* What the task requires
Word for word, repeat the data; no picture should appear in the result.

(Data entries)

▬▬▬▬▬▬▬▬▬▬

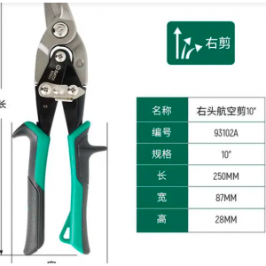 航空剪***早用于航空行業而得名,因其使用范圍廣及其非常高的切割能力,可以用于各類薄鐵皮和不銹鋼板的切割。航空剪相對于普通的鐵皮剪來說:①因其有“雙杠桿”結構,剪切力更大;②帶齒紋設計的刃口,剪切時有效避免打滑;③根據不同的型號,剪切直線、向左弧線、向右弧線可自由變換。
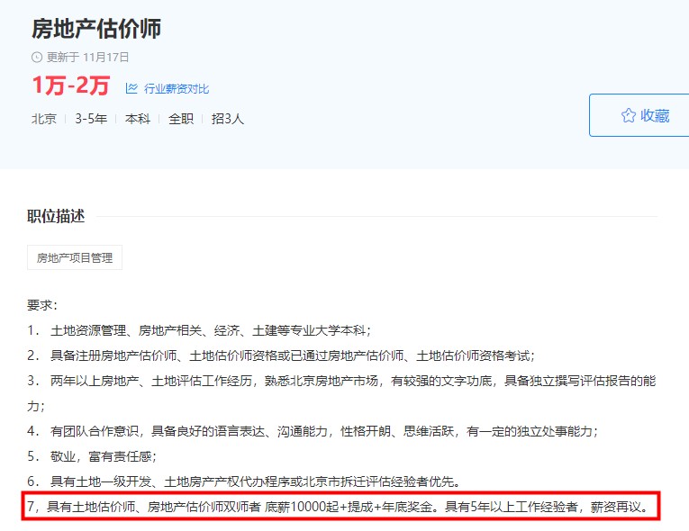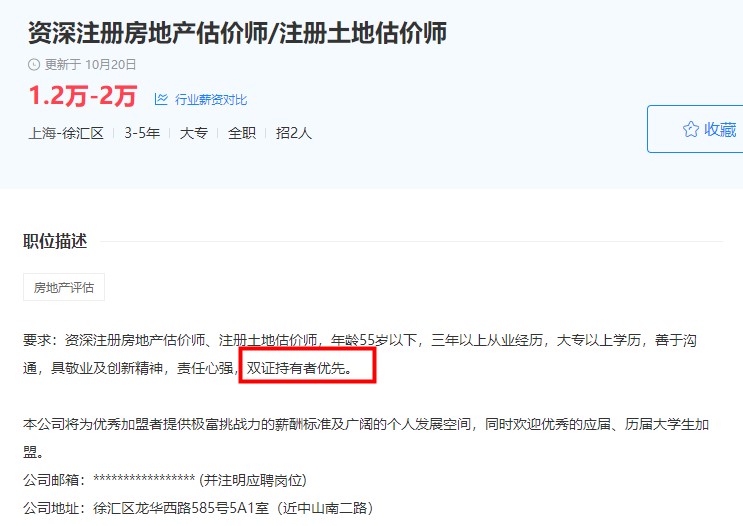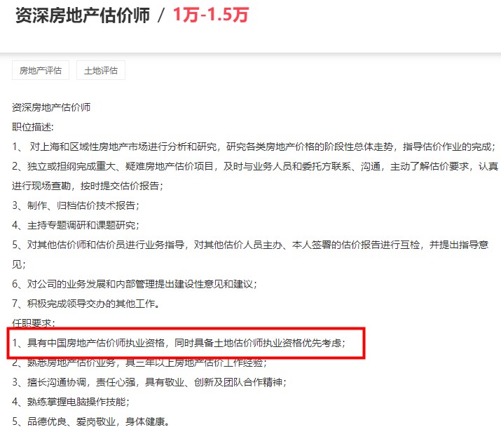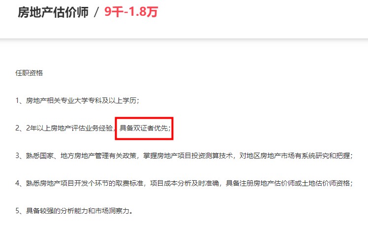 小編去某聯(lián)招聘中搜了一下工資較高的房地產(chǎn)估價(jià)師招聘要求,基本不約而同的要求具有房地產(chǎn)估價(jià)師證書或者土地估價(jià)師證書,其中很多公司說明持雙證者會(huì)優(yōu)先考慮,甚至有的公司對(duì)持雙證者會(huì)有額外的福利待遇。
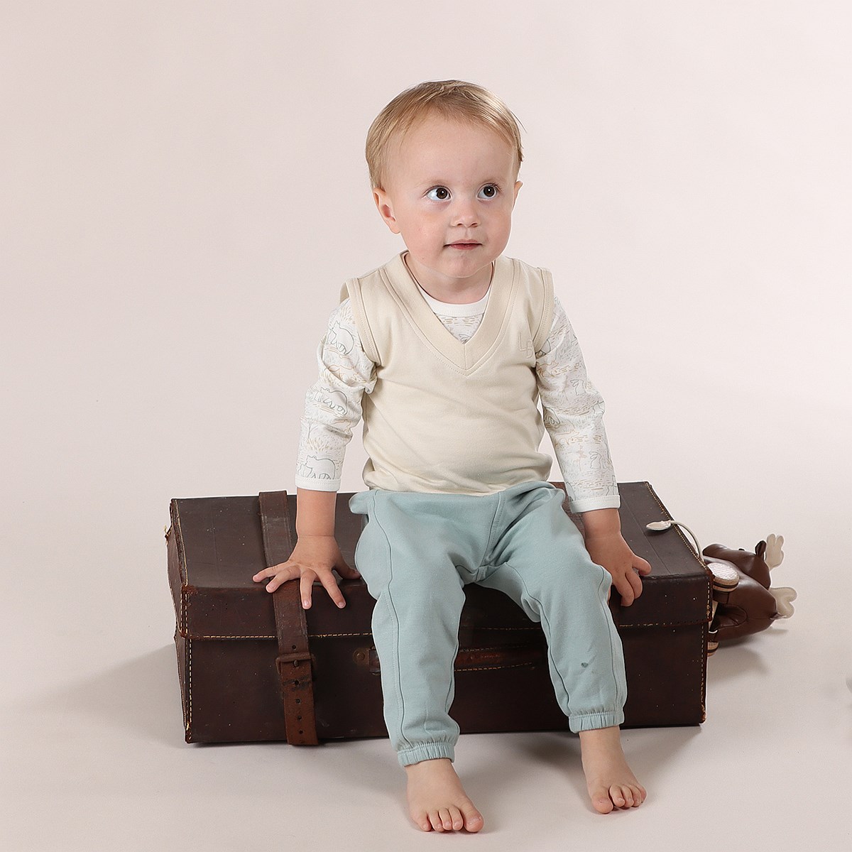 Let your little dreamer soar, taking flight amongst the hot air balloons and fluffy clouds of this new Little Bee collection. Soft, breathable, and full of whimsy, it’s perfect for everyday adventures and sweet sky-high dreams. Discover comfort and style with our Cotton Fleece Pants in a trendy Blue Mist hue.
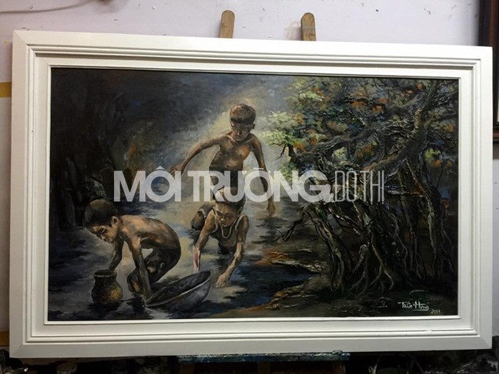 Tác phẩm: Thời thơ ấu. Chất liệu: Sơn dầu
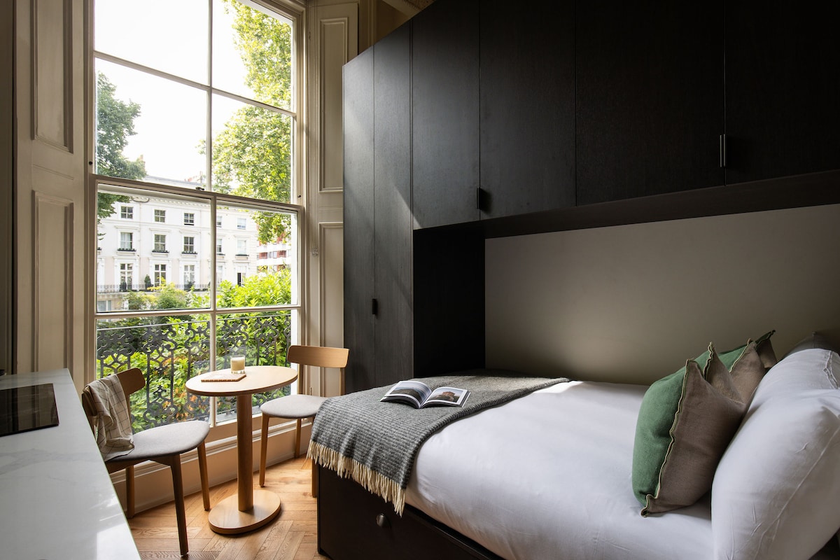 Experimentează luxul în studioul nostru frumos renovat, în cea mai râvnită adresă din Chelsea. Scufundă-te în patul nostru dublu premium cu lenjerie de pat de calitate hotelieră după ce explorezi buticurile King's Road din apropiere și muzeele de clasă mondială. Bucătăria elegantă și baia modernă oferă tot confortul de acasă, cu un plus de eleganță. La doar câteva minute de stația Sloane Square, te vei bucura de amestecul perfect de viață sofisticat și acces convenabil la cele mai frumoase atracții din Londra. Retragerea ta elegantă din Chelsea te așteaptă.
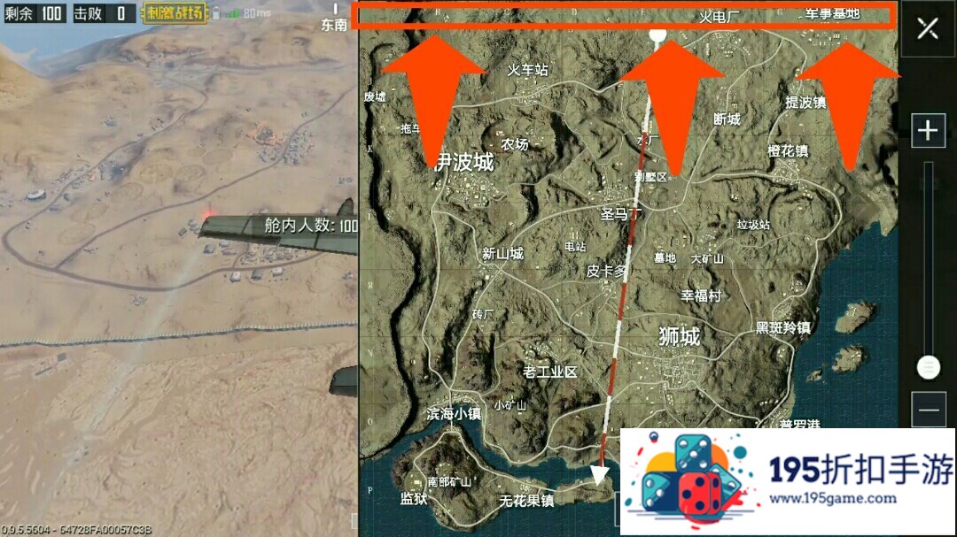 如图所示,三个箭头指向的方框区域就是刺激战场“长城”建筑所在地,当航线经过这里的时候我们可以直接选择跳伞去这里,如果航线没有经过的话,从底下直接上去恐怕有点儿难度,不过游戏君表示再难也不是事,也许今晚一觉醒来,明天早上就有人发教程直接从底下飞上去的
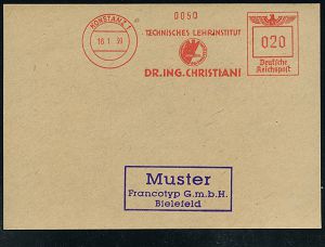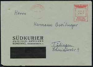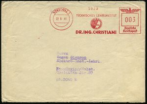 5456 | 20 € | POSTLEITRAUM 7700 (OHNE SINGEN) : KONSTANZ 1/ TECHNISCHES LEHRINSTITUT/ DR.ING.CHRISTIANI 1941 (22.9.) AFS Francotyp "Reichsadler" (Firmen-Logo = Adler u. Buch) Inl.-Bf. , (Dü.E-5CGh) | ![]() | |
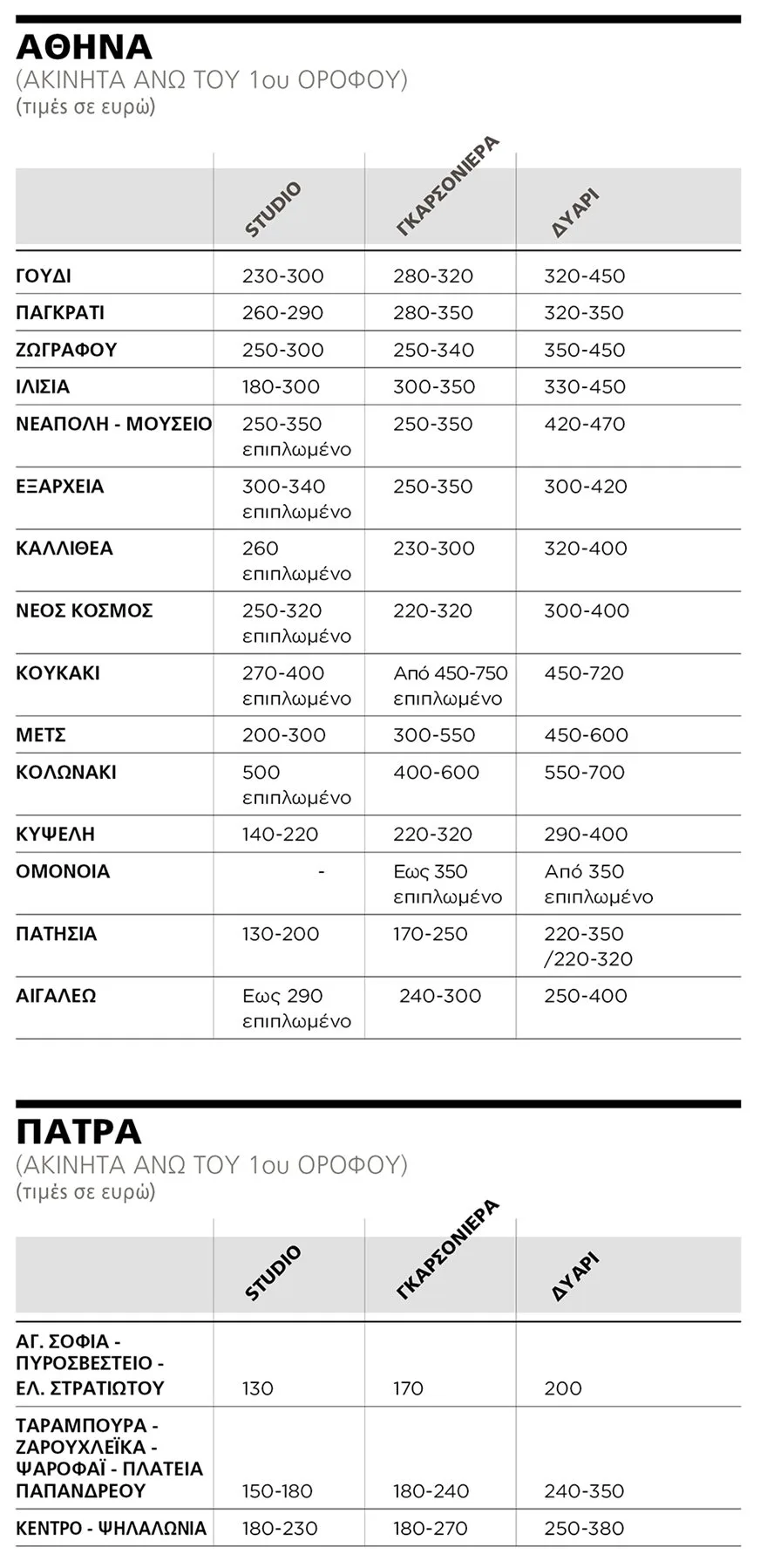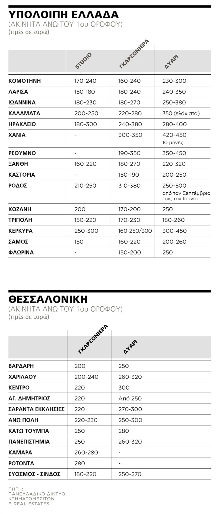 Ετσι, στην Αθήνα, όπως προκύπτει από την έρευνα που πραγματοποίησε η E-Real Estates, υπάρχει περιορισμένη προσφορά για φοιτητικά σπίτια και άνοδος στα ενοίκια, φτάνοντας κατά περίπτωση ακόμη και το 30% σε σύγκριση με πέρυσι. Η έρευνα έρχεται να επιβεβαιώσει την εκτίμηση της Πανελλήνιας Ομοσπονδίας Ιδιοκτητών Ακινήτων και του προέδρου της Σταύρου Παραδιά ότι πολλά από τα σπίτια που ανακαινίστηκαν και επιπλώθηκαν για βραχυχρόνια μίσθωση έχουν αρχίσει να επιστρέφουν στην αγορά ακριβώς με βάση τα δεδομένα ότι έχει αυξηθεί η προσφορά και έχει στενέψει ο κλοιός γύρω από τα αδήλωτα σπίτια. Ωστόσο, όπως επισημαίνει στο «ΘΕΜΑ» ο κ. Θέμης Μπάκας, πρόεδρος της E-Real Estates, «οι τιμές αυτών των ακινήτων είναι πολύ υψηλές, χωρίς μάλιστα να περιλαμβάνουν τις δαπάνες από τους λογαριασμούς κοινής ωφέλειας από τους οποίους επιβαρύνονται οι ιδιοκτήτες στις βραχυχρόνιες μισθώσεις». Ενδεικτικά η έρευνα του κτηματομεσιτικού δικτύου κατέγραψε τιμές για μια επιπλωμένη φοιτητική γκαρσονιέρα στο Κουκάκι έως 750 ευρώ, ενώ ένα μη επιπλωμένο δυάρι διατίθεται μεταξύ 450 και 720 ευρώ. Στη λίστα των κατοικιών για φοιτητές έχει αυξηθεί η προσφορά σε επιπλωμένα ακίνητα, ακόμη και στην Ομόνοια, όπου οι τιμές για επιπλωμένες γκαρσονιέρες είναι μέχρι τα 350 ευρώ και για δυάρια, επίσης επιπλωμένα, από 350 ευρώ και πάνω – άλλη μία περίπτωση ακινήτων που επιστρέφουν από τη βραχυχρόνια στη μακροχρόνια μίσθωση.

▬▬▬▬▬▬▬▬▬▬

* Output
 航空剪***早用于航空行業而得名,因其使用范圍廣及其非常高的切割能力,可以用于各類薄鐵皮和不銹鋼板的切割。航空剪相對于普通的鐵皮剪來說:①因其有“雙杠桿”結構,剪切力更大;②帶齒紋設計的刃口,剪切時有效避免打滑;③根據不同的型號,剪切直線、向左弧線、向右弧線可自由變換。
 小編去某聯(lián)招聘中搜了一下工資較高的房地產(chǎn)估價(jià)師招聘要求,基本不約而同的要求具有房地產(chǎn)估價(jià)師證書或者土地估價(jià)師證書,其中很多公司說明持雙證者會(huì)優(yōu)先考慮,甚至有的公司對(duì)持雙證者會(huì)有額外的福利待遇。
 Let your little dreamer soar, taking flight amongst the hot air balloons and fluffy clouds of this new Little Bee collection. Soft, breathable, and full of whimsy, it’s perfect for everyday adventures and sweet sky-high dreams. Discover comfort and style with our Cotton Fleece Pants in a trendy Blue Mist hue.
 Tác phẩm: Thời thơ ấu. Chất liệu: Sơn dầu
 Experimentează luxul în studioul nostru frumos renovat, în cea mai râvnită adresă din Chelsea. Scufundă-te în patul nostru dublu premium cu lenjerie de pat de calitate hotelieră după ce explorezi buticurile King's Road din apropiere și muzeele de clasă mondială. Bucătăria elegantă și baia modernă oferă tot confortul de acasă, cu un plus de eleganță. La doar câteva minute de stația Sloane Square, te vei bucura de amestecul perfect de viață sofisticat și acces convenabil la cele mai frumoase atracții din Londra. Retragerea ta elegantă din Chelsea te așteaptă.
 如图所示,三个箭头指向的方框区域就是刺激战场“长城”建筑所在地,当航线经过这里的时候我们可以直接选择跳伞去这里,如果航线没有经过的话,从底下直接上去恐怕有点儿难度,不过游戏君表示再难也不是事,也许今晚一觉醒来,明天早上就有人发教程直接从底下飞上去的
 5456 | 20 € | POSTLEITRAUM 7700 (OHNE SINGEN) : KONSTANZ 1/ TECHNISCHES LEHRINSTITUT/ DR.ING.CHRISTIANI 1941 (22.9.) AFS Francotyp "Reichsadler" (Firmen-Logo = Adler u. Buch) Inl.-Bf. , (Dü.E-5CGh) | ![]() | |
 Ετσι, στην Αθήνα, όπως προκύπτει από την έρευνα που πραγματοποίησε η E-Real Estates, υπάρχει περιορισμένη προσφορά για φοιτητικά σπίτια και άνοδος στα ενοίκια, φτάνοντας κατά περίπτωση ακόμη και το 30% σε σύγκριση με πέρυσι. Η έρευνα έρχεται να επιβεβαιώσει την εκτίμηση της Πανελλήνιας Ομοσπονδίας Ιδιοκτητών Ακινήτων και του προέδρου της Σταύρου Παραδιά ότι πολλά από τα σπίτια που ανακαινίστηκαν και επιπλώθηκαν για βραχυχρόνια μίσθωση έχουν αρχίσει να επιστρέφουν στην αγορά ακριβώς με βάση τα δεδομένα ότι έχει αυξηθεί η προσφορά και έχει στενέψει ο κλοιός γύρω από τα αδήλωτα σπίτια. Ωστόσο, όπως επισημαίνει στο «ΘΕΜΑ» ο κ. Θέμης Μπάκας, πρόεδρος της E-Real Estates, «οι τιμές αυτών των ακινήτων είναι πολύ υψηλές, χωρίς μάλιστα να περιλαμβάνουν τις δαπάνες από τους λογαριασμούς κοινής ωφέλειας από τους οποίους επιβαρύνονται οι ιδιοκτήτες στις βραχυχρόνιες μισθώσεις». Ενδεικτικά η έρευνα του κτηματομεσιτικού δικτύου κατέγραψε τιμές για μια επιπλωμένη φοιτητική γκαρσονιέρα στο Κουκάκι έως 750 ευρώ, ενώ ένα μη επιπλωμένο δυάρι διατίθεται μεταξύ 450 και 720 ευρώ. Στη λίστα των κατοικιών για φοιτητές έχει αυξηθεί η προσφορά σε επιπλωμένα ακίνητα, ακόμη και στην Ομόνοια, όπου οι τιμές για επιπλωμένες γκαρσονιέρες είναι μέχρι τα 350 ευρώ και για δυάρια, επίσης επιπλωμένα, από 350 ευρώ και πάνω – άλλη μία περίπτωση ακινήτων που επιστρέφουν από τη βραχυχρόνια στη μακροχρόνια μίσθωση.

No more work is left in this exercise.